Action item -> Give again, word for word, each line of the data from the first through the one containing "Perfume bottle with". Pictures stay out.

Recorded information ->
• • • • • • •
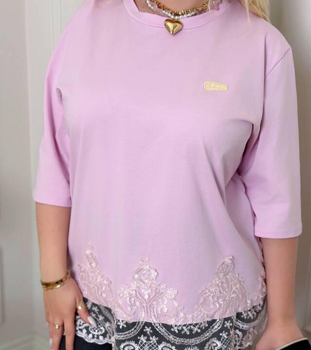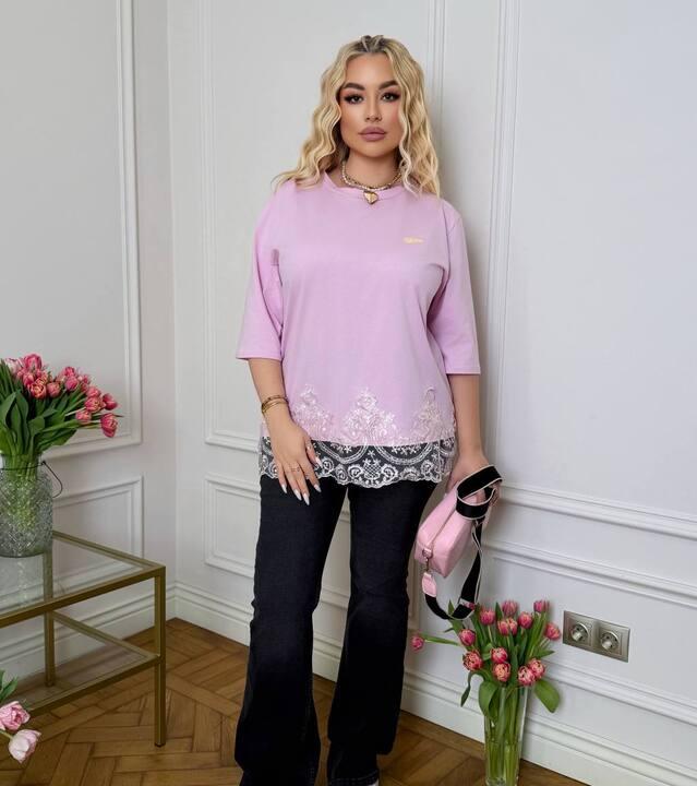 Футболка выполнена в стиле over, поэтому посадка смотрится расслабленно, модно и очень актуально. Круглый вырез делает модель универсальной и удобной для ежедневной носки. Рукав комфортной длины добавляет практичности, а кружевная отделка по нижнему краю делает изделие более женственным, заметным и эффектным. Именно эта деталь придаёт футболке особое настроение: она выглядит не как обычная базовая вещь, а как продуманная стильная модель с акцентом на красивую подачу.
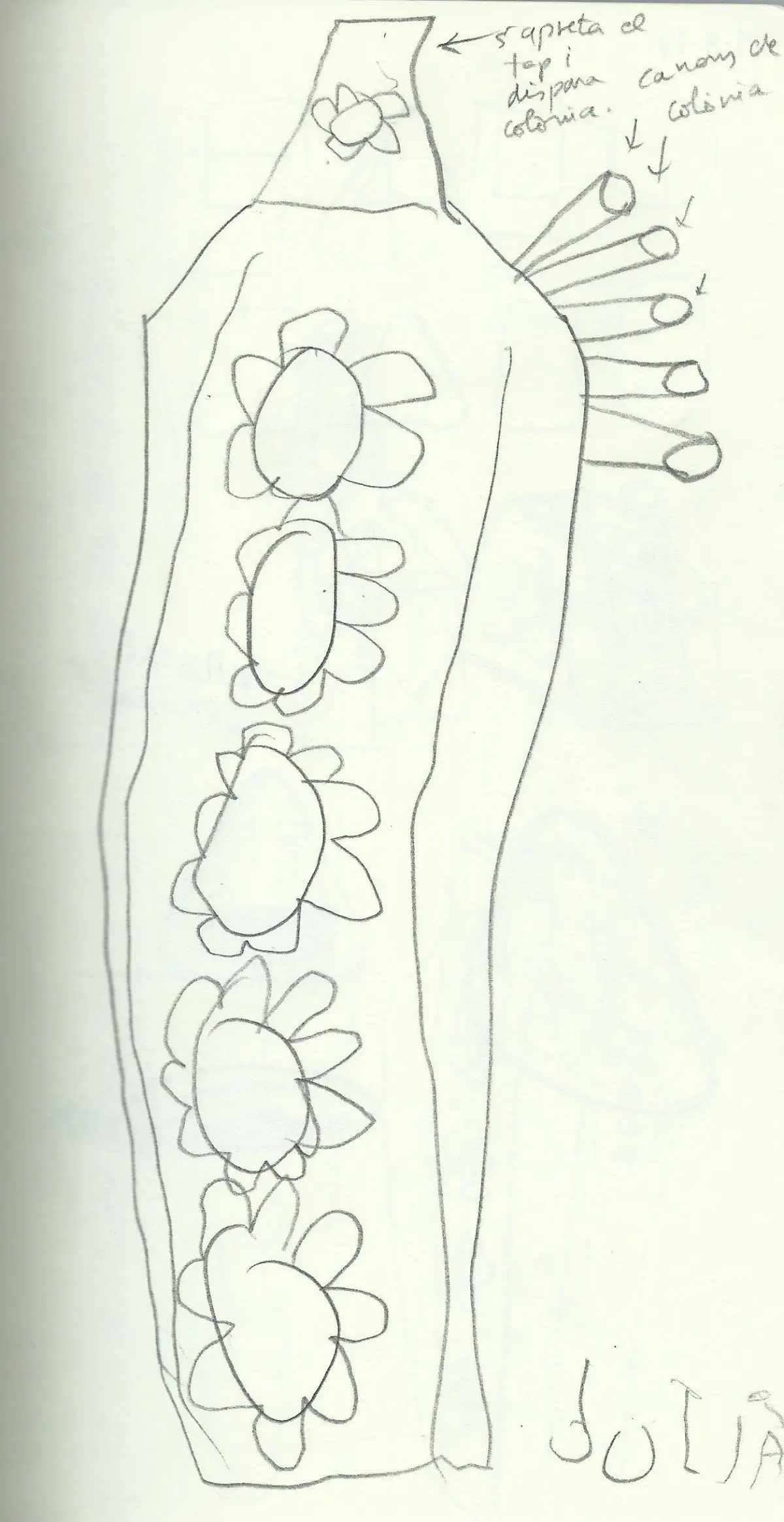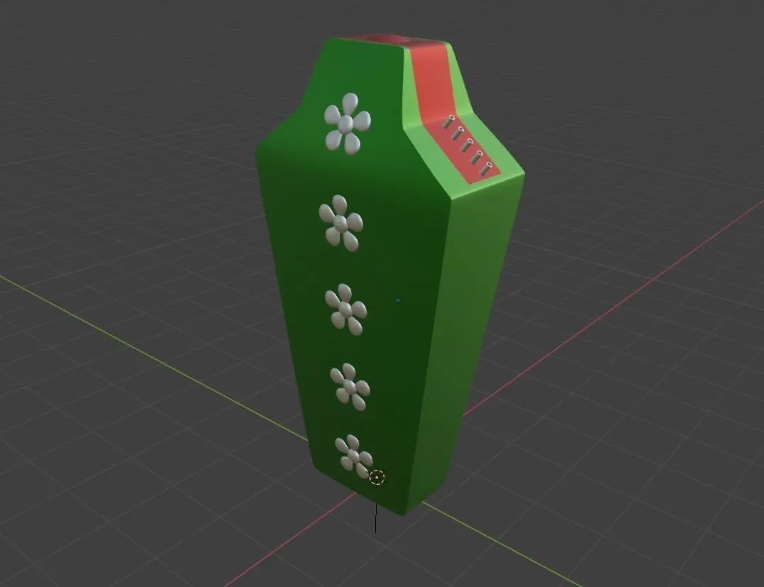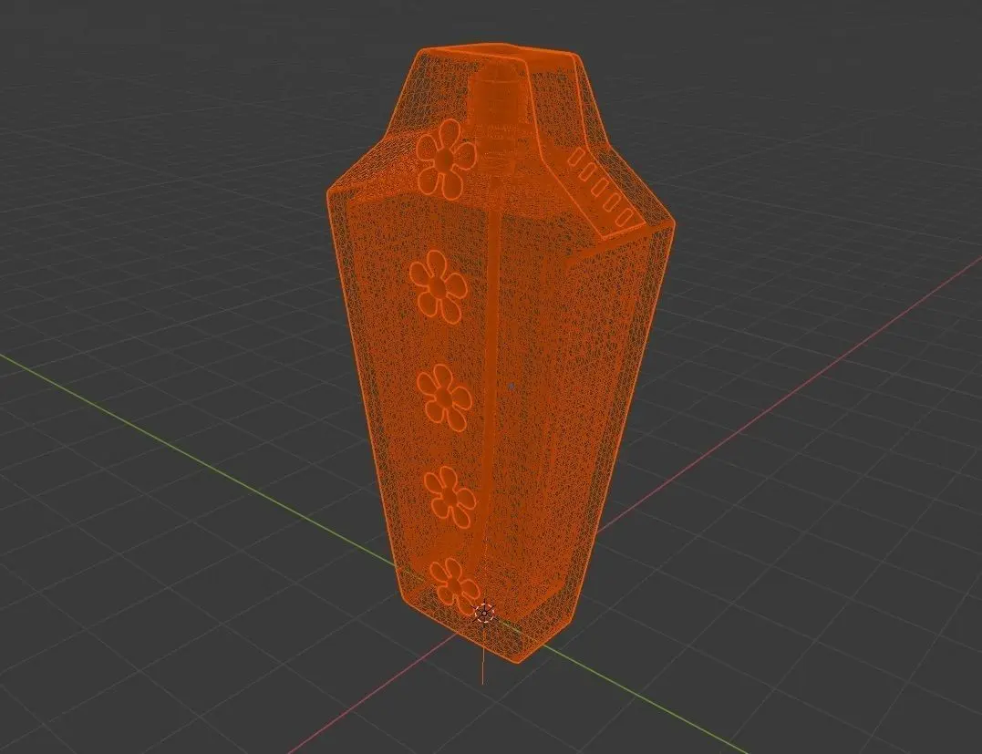 Perfume bottle with flower shapes over front face. It was modeled from an original drawing made by my son when he was 5 years old. The concept of the bottle is as follows: external enclosure made with glass of whatever other material. There is a push button covered by a rubber surface. When you press, you actuate over the pump and the perfume sprays out from five pipes.The 3d model doesn’t include materials, just simple shader to have a general idea. Please try on your own to find the best combination for your particular application. I add some renders showing different possibilities. Hope you enjoy it!!
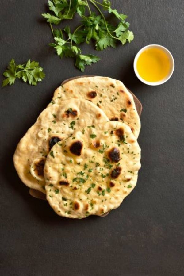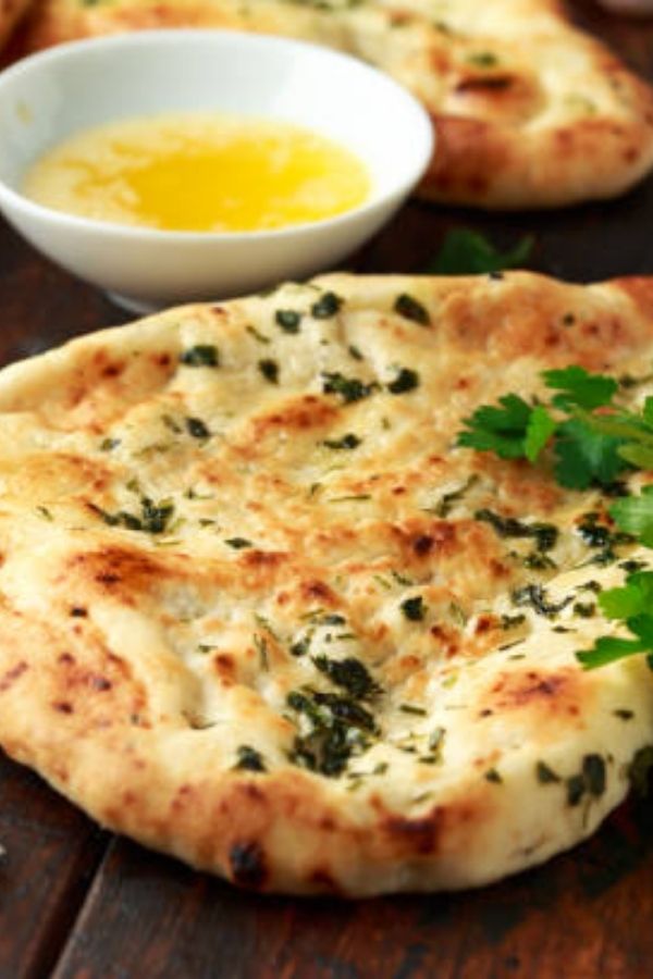Classic naan topped with fresh garlic and herbs, with an optional buttery finish.
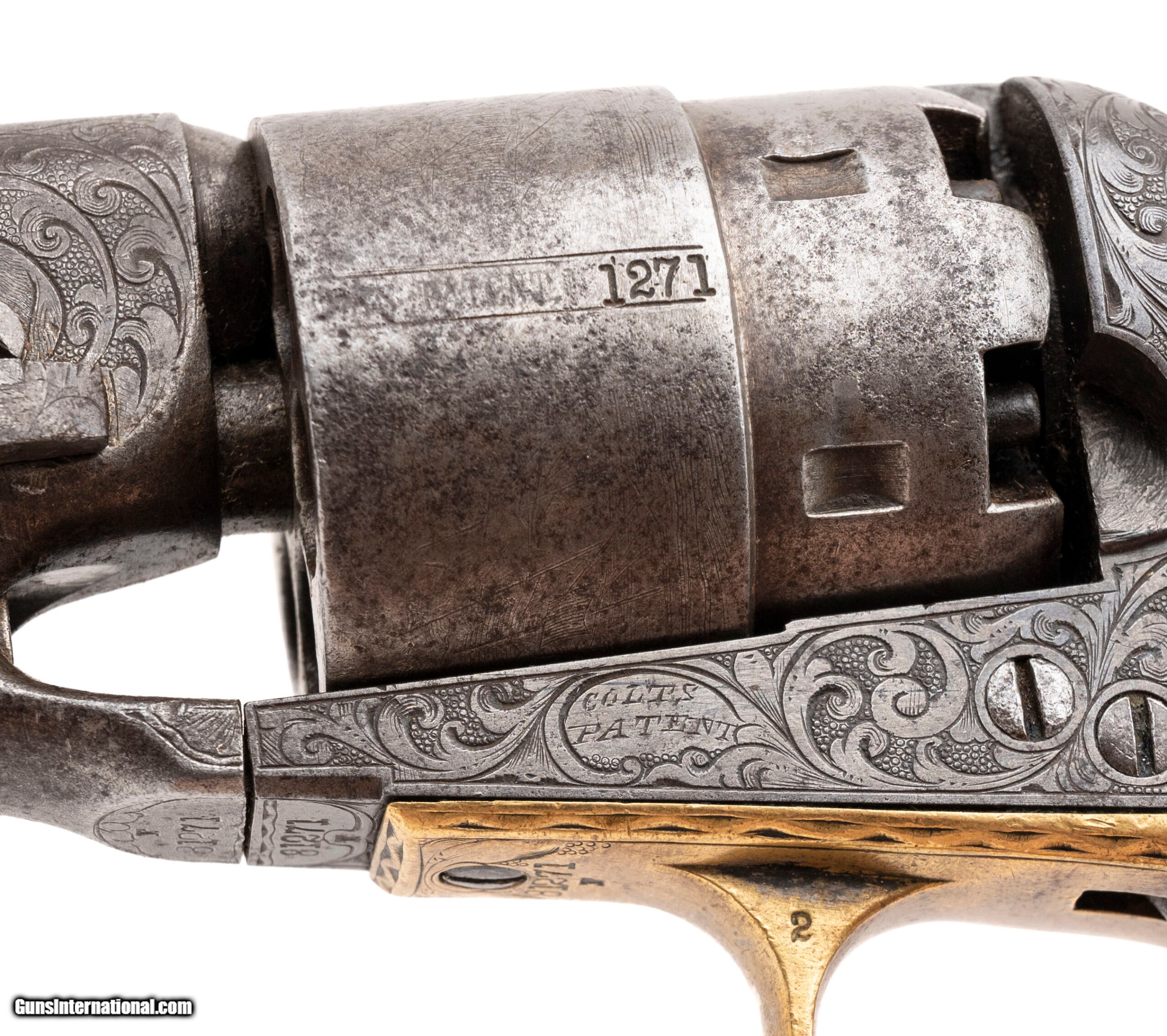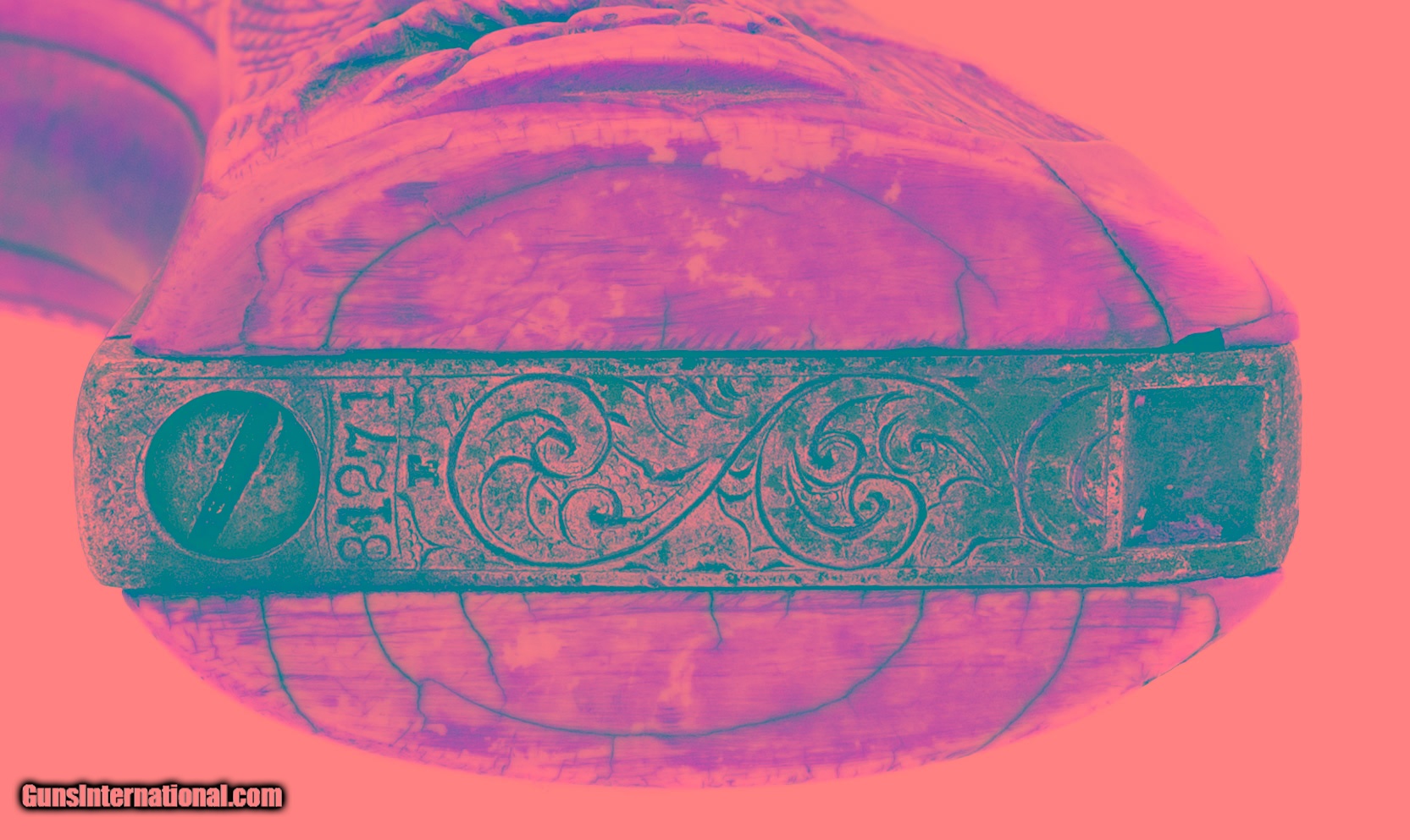 Description: "Serial number 81271. Made in 1862. 44 caliber with an 8" barrel. This is a Gustave young factory engraved piece. The metal has a dark gray patina with some spots of light pitting. The engrave is all nice and sharp. Good cylinder scene remains. This gun is all matching. The grips are checkered, carved ivory with the Mexican eagle and snake. The grips are repaired on the left hand side. The back strap is inscribed with the initials “FLG" Very fine civil war era Factory Engraved Colt 1860 Army! SOLD Antique: Yes |
• • • • • • •
Answer for the task ->
 Футболка выполнена в стиле over, поэтому посадка смотрится расслабленно, модно и очень актуально. Круглый вырез делает модель универсальной и удобной для ежедневной носки. Рукав комфортной длины добавляет практичности, а кружевная отделка по нижнему краю делает изделие более женственным, заметным и эффектным. Именно эта деталь придаёт футболке особое настроение: она выглядит не как обычная базовая вещь, а как продуманная стильная модель с акцентом на красивую подачу.
 Perfume bottle with flower shapes over front face. It was modeled from an original drawing made by my son when he was 5 years old. The concept of the bottle is as follows: external enclosure made with glass of whatever other material. There is a push button covered by a rubber surface. When you press, you actuate over the pump and the perfume sprays out from five pipes.The 3d model doesn’t include materials, just simple shader to have a general idea. Please try on your own to find the best combination for your particular application. I add some renders showing different possibilities. Hope you enjoy it!!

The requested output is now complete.